How Do You Know What A Deep Network Is Learning For A Vision Task?
Modern deep learning algorithms are able to learn on training sets such that they achieve almost zero train error. What is all the more amazing, is that this performance tends to generalize well to unseen data - especially for visual detection and classification tasks. Increasingly, deep methods are being utilized in vision tasks such as object tracking and visual SLAM. These tasks differ fundamentally to traditional vision tasks where deep learning has been effective (e.g. object detection and classification) tasks as they are attempting to model the relative relationship between image frames. Although receiving state of the art performance on many benchmarks, it is easy to demonstrate empirically that deep methods are not always learning what we want them to learn for a given visual task - limiting their practical usage in real-world applications.
In this talk we shall discuss recent advances my group has made towards making better guarantees over the generalization of deep learning methods for visual tasks where the relative relationship between images is important - most notably object tracking and VSLAM. In particular we shall discuss a new paradigm for efficient and generalizable object tracking which we refer to as Deep-LK and its extension to 3D PointNet-LK. We shall also, discuss how these insights can be utilized in recent applications of deep learning to VSLAM. Finally, we will show some initial results on how geometric constraints can be elegantly combined with deep learning to further improve generalization performance.

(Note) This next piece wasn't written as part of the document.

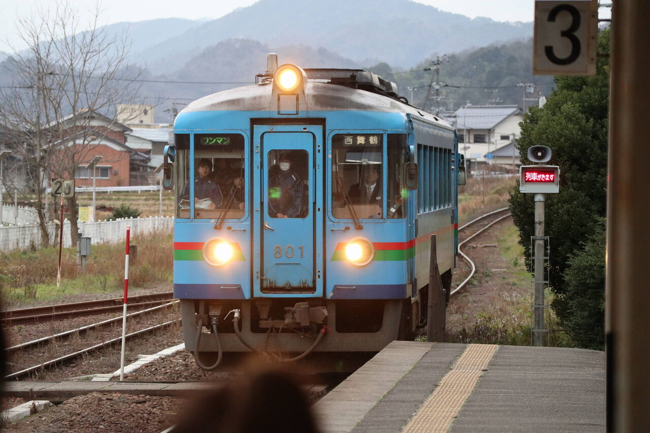 丹鉄のホームに新車が入線。
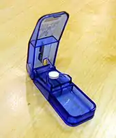 A pill-splitter is a simple and inexpensive device to split medicinal pills or tablets, comprising some means of holding the tablet in place, a blade, and usually a compartment in which to store the unused part. The tablet is positioned, and the blade pressed down to split it. With care it is often possible to cut a tablet into quarters. Also available as consumer items are multiple pill splitters, which cut numerous round or oblong pills in one operation.

Simon Lucey (Ph.D.) is an associate research professor within the Robotics Institute at Carnegie Mellon University, where he is part of the Computer Vision Group, and leader of the CI2CV Laboratory. Before returning to CMU he was a Principle Research Scientist at the CSIRO (Australia's premiere government science organization) for 5 years. He wants to draw inspiration from vision researchers of the past to attempt to unlock computational and mathematic models that underly the processes of visual perception.